## Brief
Starting with the line that has "A Beautiful Genuine" and finishing with the line that has "Script 3dsMax avec", set down each line below exactly. Pictures are not copied.

## Information supplied
%%

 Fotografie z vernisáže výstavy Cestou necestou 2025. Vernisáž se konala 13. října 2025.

%%
%%

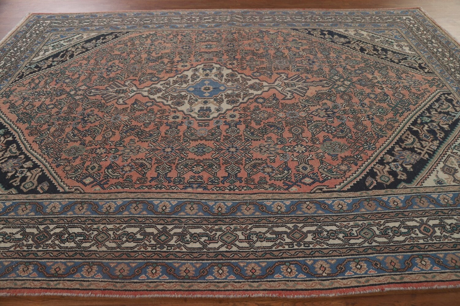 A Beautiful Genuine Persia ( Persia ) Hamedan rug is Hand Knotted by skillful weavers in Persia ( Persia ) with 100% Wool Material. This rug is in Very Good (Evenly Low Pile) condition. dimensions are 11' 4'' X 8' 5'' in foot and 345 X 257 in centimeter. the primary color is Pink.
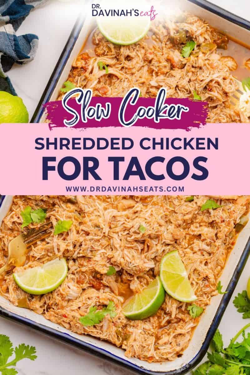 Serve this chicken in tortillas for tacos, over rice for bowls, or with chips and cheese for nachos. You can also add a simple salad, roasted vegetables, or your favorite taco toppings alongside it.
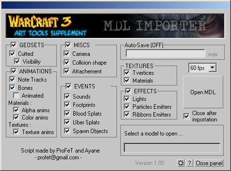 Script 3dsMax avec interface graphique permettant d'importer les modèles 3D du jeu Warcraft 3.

%%
%%

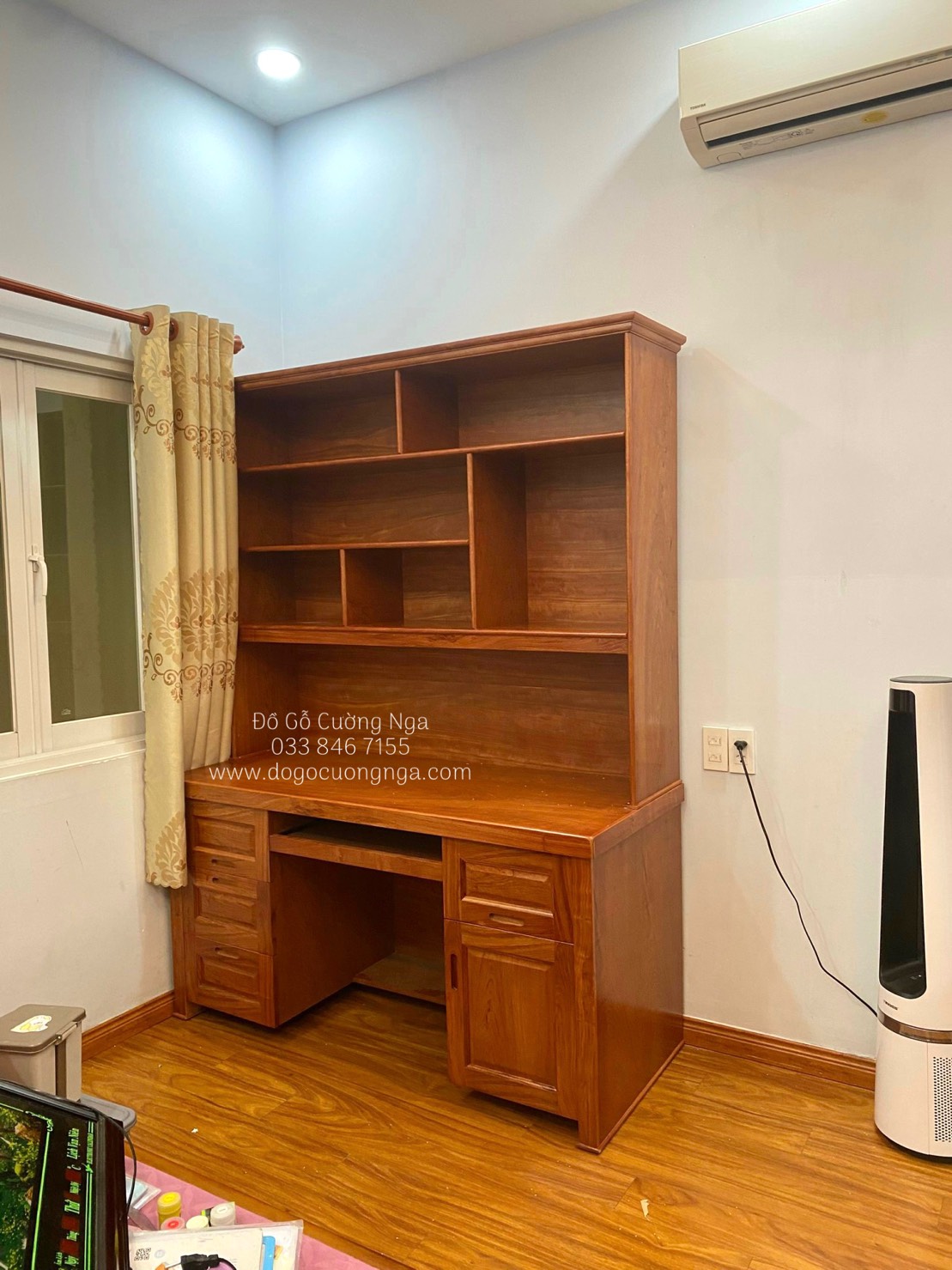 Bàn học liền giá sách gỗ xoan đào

%%

## Task response
 A Beautiful Genuine Persia ( Persia ) Hamedan rug is Hand Knotted by skillful weavers in Persia ( Persia ) with 100% Wool Material. This rug is in Very Good (Evenly Low Pile) condition. dimensions are 11' 4'' X 8' 5'' in foot and 345 X 257 in centimeter. the primary color is Pink.
 Serve this chicken in tortillas for tacos, over rice for bowls, or with chips and cheese for nachos. You can also add a simple salad, roasted vegetables, or your favorite taco toppings alongside it.
 Script 3dsMax avec interface graphique permettant d'importer les modèles 3D du jeu Warcraft 3.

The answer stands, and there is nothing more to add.